Ingredients

1/3 cup gluten-free oats , ground
1/3 cup almond meal ( or almond slices ground in food processor )
1 tablespoon coconut sugar ( or other natural sugar )
2 1/2 tablespoons butter or 2 1/2 tablespoons coconut oil , melted
2 eggs
1/3 cup coconut sugar ( or other natural sugar )
1/2 teaspoon almond extract ( optional )
16 ounces organic ricotta cheese
1 lemon
1 cup fresh blueberries
This Blueberry and Lemon Ricotta Cheesecake is a refreshing and healthy twist to the popular dessert. The crust is made with gluten-free oats, almond meal, and coconut sugar which is a healthier alternative to wheat flour and white sugar. The cheesecake is made with ricotta cheese instead of cream cheese which makes it lower in fat and calories without sacrificing the creamy texture. Additionally, the combination of blueberries and lemon makes this cheesecake refreshing and flavorful.
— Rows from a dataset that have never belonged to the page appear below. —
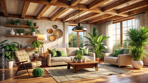 Boho Living Room Decor: Wooden Beams, Plants, Bright Interior Design
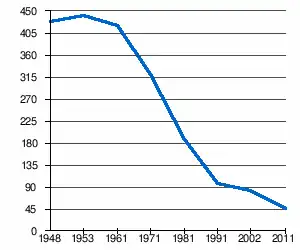 | 429 | 440 | 423 | 321 | 188 | 98 | 83[2] | 47[1] |
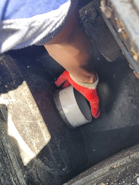 오수받이 쪽에 시공을 하기 위해서 들여다 보았더니 파이프가 소켓에 박혀 있었습니다. 그래서 소켓 부위에 역지변을 삽입할수 있도록 파이프 소량을 먼저 넣는 작업을 하였습니다. 이렇게 역지변을 가조립 해보았을때 공간이 많이 남았다면 손을 넣어서 소켓 설치 여부를 파악하셔야 합니다.
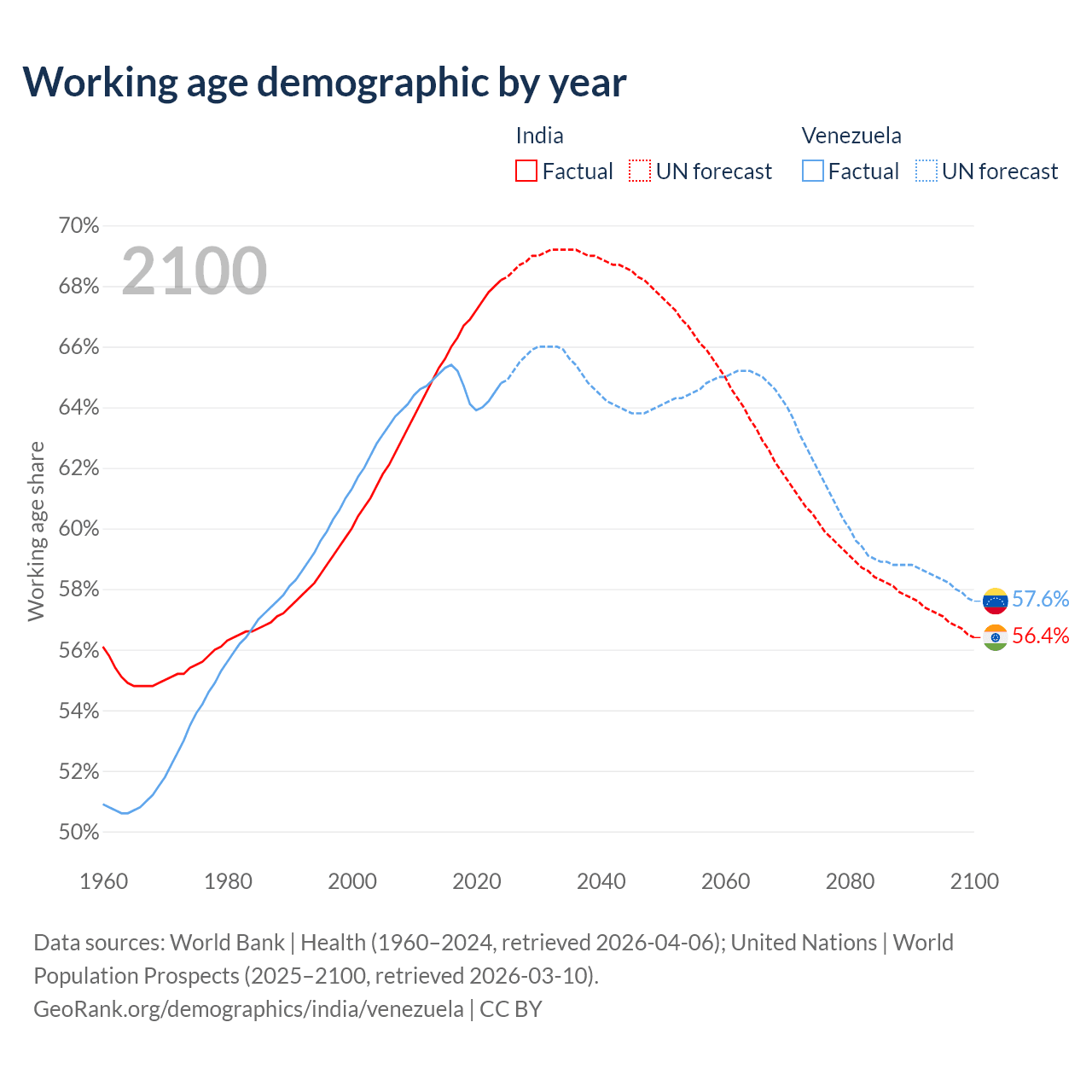 - India has 1.01B working age adults (aged 15-64) vs 18.6M in Venezuela.
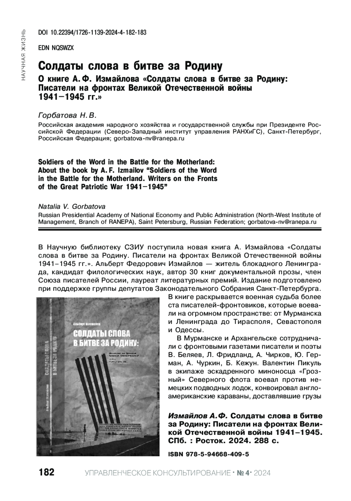 В Научную библиотеку СЗИУ поступила новая книга А. Измайлова «Солдаты слова в битве за Родину. Писатели на фронтах Великой Отечественной войны 1941–1945 гг.». Альберт Федорович Измайлов — житель блокадного Ленинграда, кандидат филологических наук, автор 30 книг документальной прозы, член Союза писателей России, лауреат литературных премий.
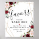 Florals with burgundy and pink blush bouquet and gold geometric shape framing script "favours" and classic typography "please take one" for wedding sign.
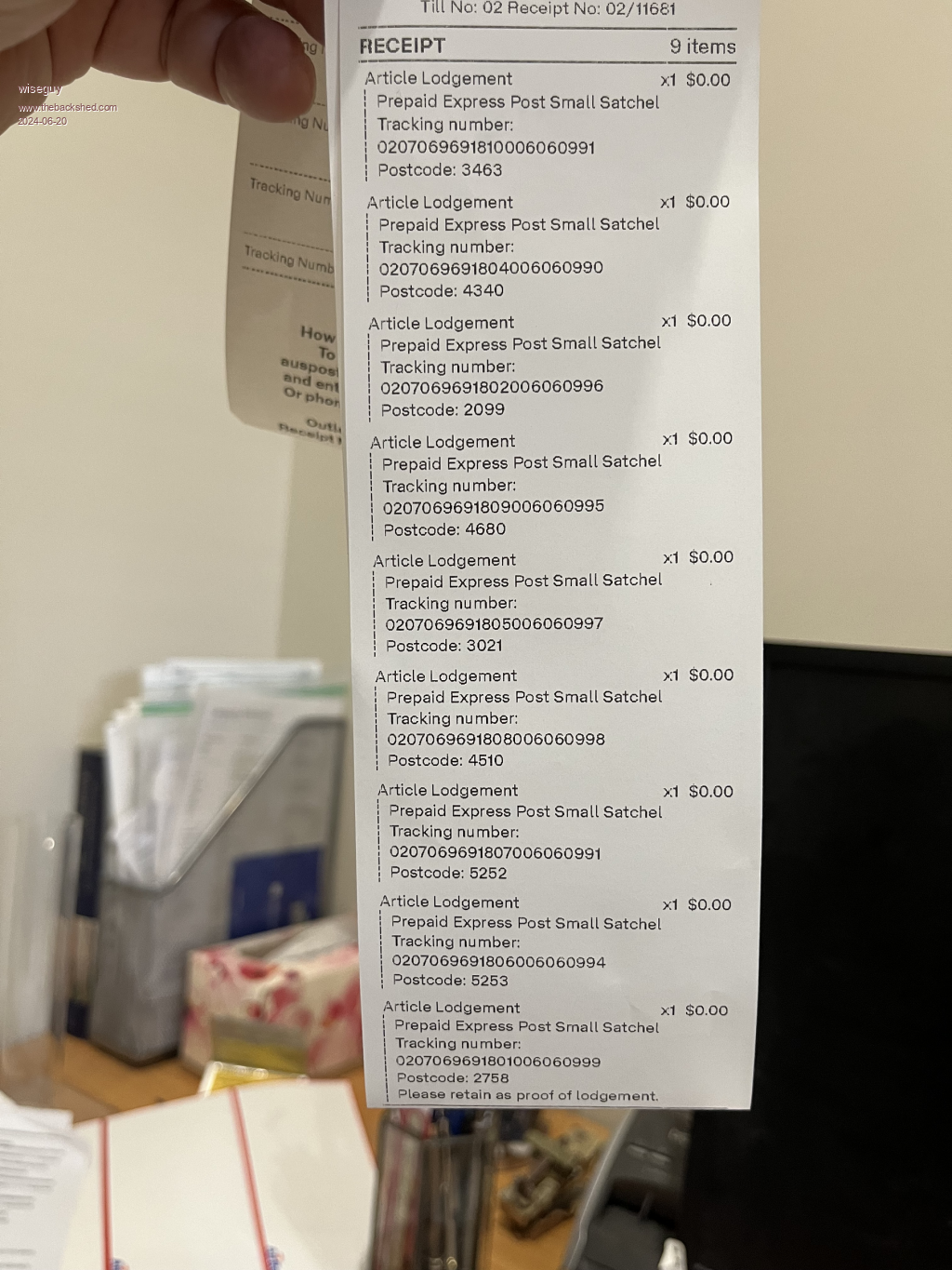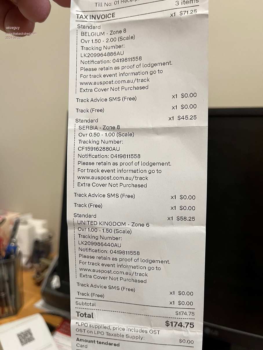 OK everything is sent/shipped. The post office did a nice printout of tracking numbers and post codes so I will just post the pictures and you can find your tracking number against your post codes.  I spent over an hour finding and going over the customs tariffs to get the chapter number etc. the lady at the post office typed in the description and then said oh what a good boy you prefilled the numbers for me hmmph. The moral of the story is you just need the description, and the software finds the category and type numbers automatically saving a lot of time and effort.
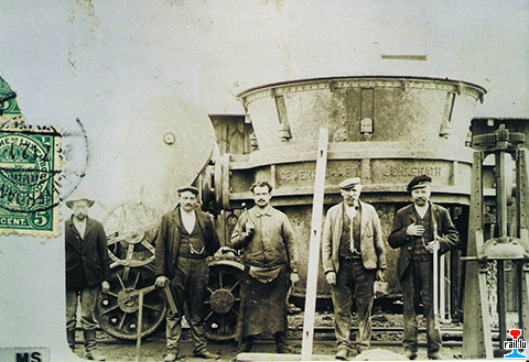 Hütte Differdingen - Einleeren der Charge im Konverter (Carte postale: Verlag Ch. Grieser, Hofphotograph, Luxemburg, 1916; collection: industrie.lu)
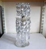 CUT GLASS DRIP PAN HUNG WITH TRIANGULAR CUT GLASS ICICLES AND BUTTONS
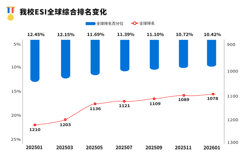 我校9个ESI全球前1%学科数据概况图(2026年1月)
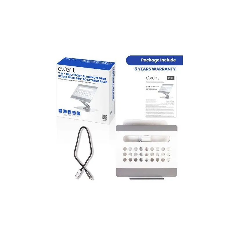 Ewent EW1269 Soporte para Portátiles Ajustable Rotatorio Multipuerto de 10"-17" Aluminio
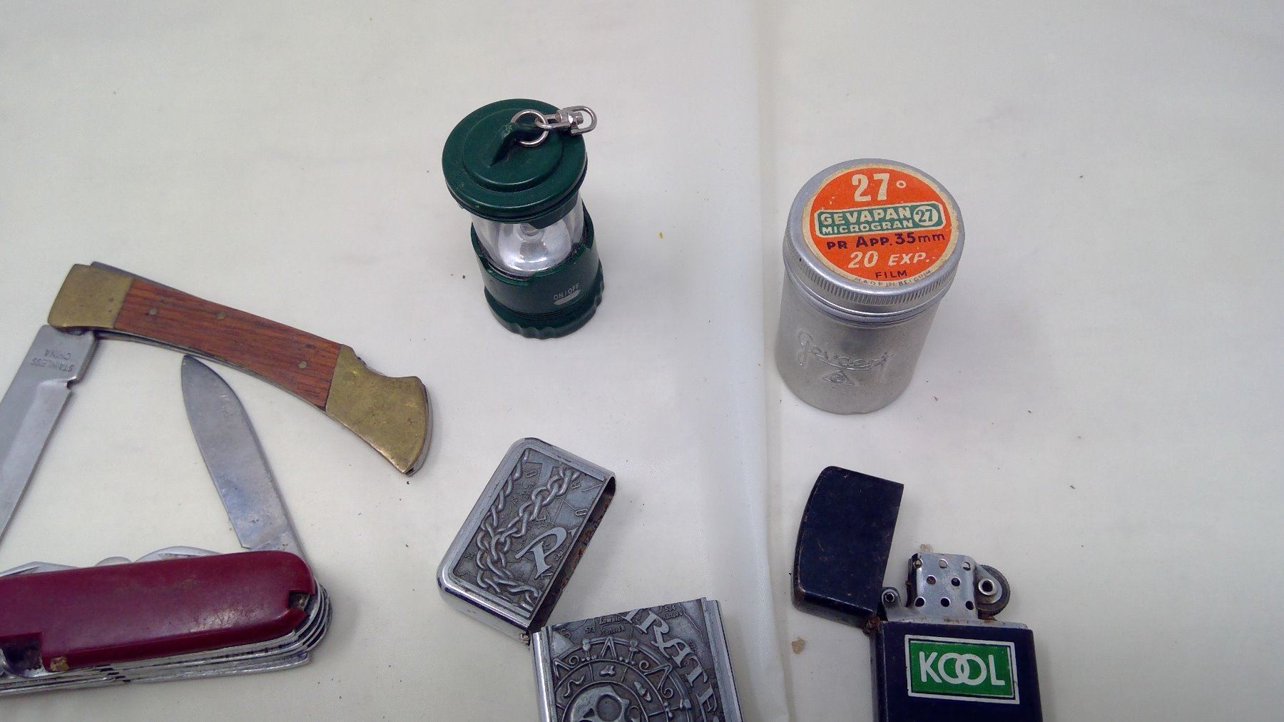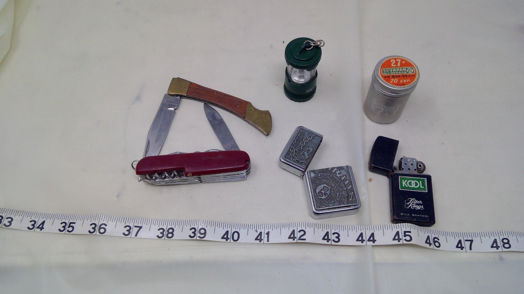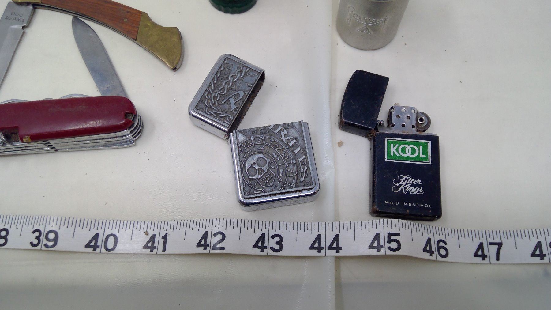LOT OF ASSORTED KNIVES, LIGHTERS, ETC

It's a perfect dessert option for anyone looking for a healthy yet delicious treat.

Instructions

1.Preheat oven to 350°F (180°C).
2.Grease a 9-inch pie dish with cooking spray.
3.In a medium mixing bowl, combine ground gluten-free oats, almond meal, coconut sugar and melted butter or coconut oil.
4.Mix the ingredients until fully combined.
5.Pour the mixture into the prepared pie dish.
6.In another mixing bowl, beat the eggs with coconut sugar and almond extract.
7.Add the ricotta cheese and mix until smooth.
8.Grate one lemon and add the zest and juice to the cheesecake mixture.
9.Fold in the blueberries gently.
10.Pour cheesecake mixture over the oatmeal crust in the pie dish.
11.Smooth over the top with a spatula.
12.Bake the cheesecake for 30-35 minutes or until the cake is set and golden brown.
13.Allow the cheesecake to cool down before slicing and serving.

PROS

This Blueberry and Lemon Ricotta Cheesecake is a delicious gluten-free dessert that is both healthy and easy to make.

It’s high in protein and low in sugar.

The combination of blueberries and lemon makes this cheesecake refreshing and flavorful.

CONS

This cake should be stored in the refrigerator to prevent spoilage.

A slice of this cheesecake is about 200 calories per serving which should be accounted for in your daily calorie intake.

HEALTH & BENEFITS

Blueberries are packed with antioxidants that help protect your body from harmful stressors.
Lemon is also high in vitamin C which is important for a healthy immune system.
The ricotta cheese in this cheesecake adds in extra nutrients like calcium and vitamin D.
Also, the non-dairy coconut oil is a healthy fat that has been linked to heart health.